The old photos, newspaper clippings, engravings – there’s just something so amazing to not only learn how these traditions we know today came to be (many of which are not what we think), but some of the most iconic moments to come about throughout them.
That’s why I’m so in love with the story of the “Yes, Virginia” letter from 1897. In fact, I even did a reading of it when I was working in broadcasting when I was anchoring the news on Christmas Eve last year. It’s just another one of those things, like my soft spot for “Miracle on 34th Street” that fill you a wonderful feeling of why, whether you’re young or old, a good dose of belief in goodwill and representatives of it, such as Santa Claus, make life a lot less dreary.

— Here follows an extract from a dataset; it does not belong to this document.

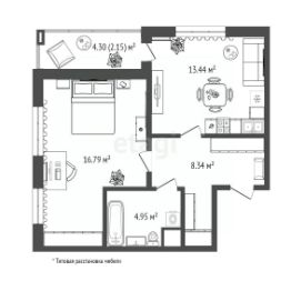 Квартира формата 1+, расположенная на комфортном 1-м этаже с удобной планировкой: просторная кухня -гостиная 13.4 кв.м., спальня 16,7 кв.м.,совмещенный санузел 4.9 кв.м, коридор площадью 8,34 кв.м., а также лоджии площадью 2,15 кв.м. (с учётом понижающего коэффициента 0,5). Окна спальни смотрят прямо на лес - это единственная квартира из 1 очереди с таким видом. Лоджия с панорамным остеклением.
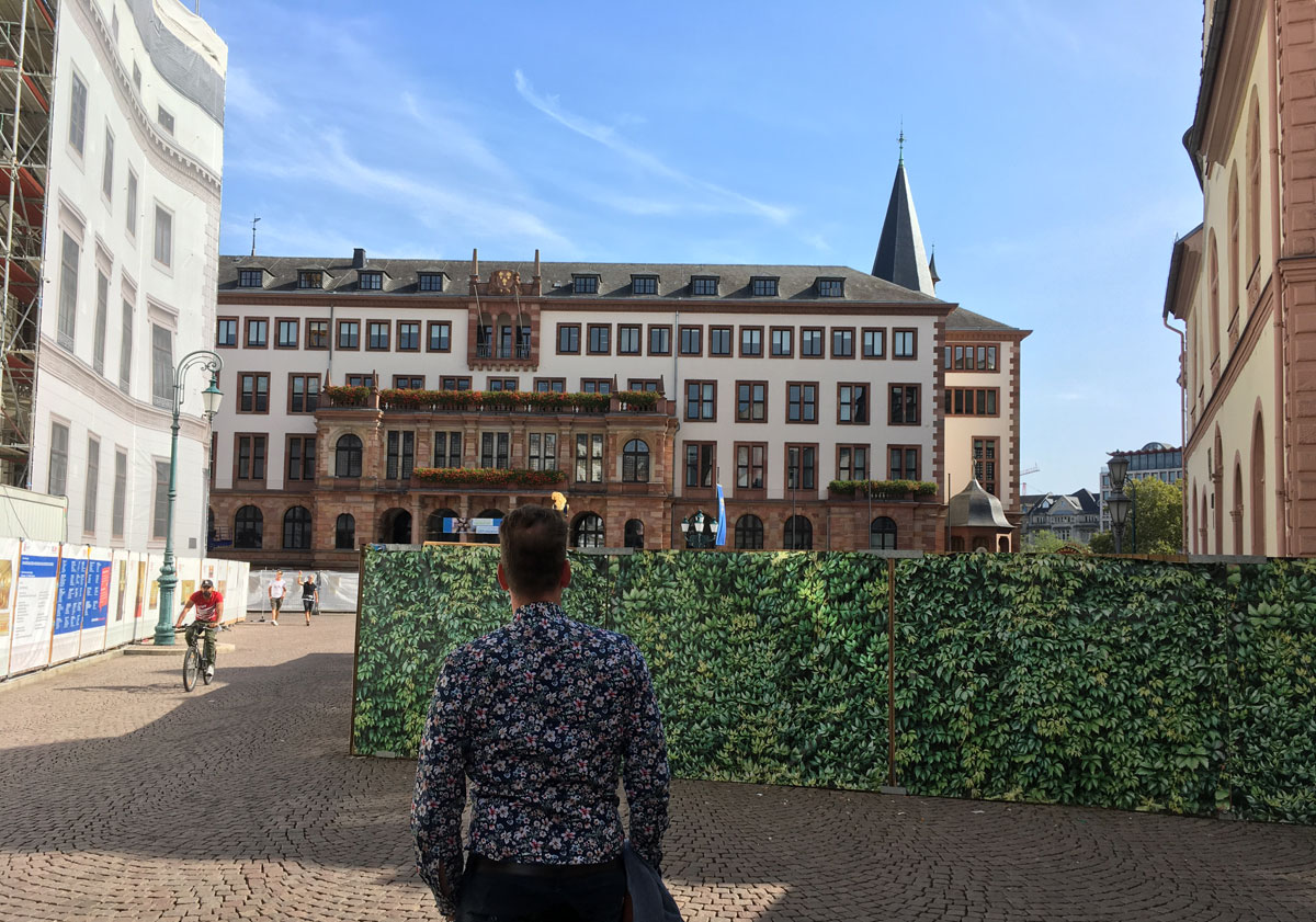 Fake-Wiesbaden. Offensichtlich hat Christo kurz vor seinem Tod noch Wiesbaden eingepackt. Der Lieblingsmann fügt sich mit seinem Blümchenhemd jedenfalls sehr gut ein vor der falschen Hecke.

The tale has been transformed into films, specials, revealing a continuous interest in this story. There’s even been a relatively-new animated Christmas special airing on television in recent years.
When eight-year-old Virginia O’Hanlon was beginning to doubt the existence of Santa because of peer pressure from her friends, she took her father at his word that if it’s in the New York Sun, ‘it’s so’ and wrote a letter to the editor of the paper in 1897. That letter read:
“DEAR EDITOR: I am 8 years old. Some of my little friends say there is no Santa Claus. Papa says, ‘If you see it in THE SUN it’s so.’ Please tell me the truth; is there a Santa Claus?” – Virginia O’Hanlon, 115 West Ninety-Fifth Street.

The response was printed as an unsigned editorial on September 21, 1897 and was penned by veteran newsman Francis Pharcellus Church. Since that time, it’s become a part of American folklore at the holidays, and has become history’s most reprinted newspaper editorial, appearing in part or whole in dozens of languages in books, movies, and other editorials, and on posters and stamps.
Church published his response as follows:
“VIRGINIA, your little friends are wrong. They have been affected by the skepticism of a skeptical age. They do not believe except they see. They think that nothing can be which is not comprehensible by their little minds. All minds, Virginia, whether they be men’s or children’s, are little. In this great universe of ours man is a mere insect, an ant, in his intellect, as compared with the boundless world about him, as measured by the intelligence capable of grasping the whole of truth and knowledge.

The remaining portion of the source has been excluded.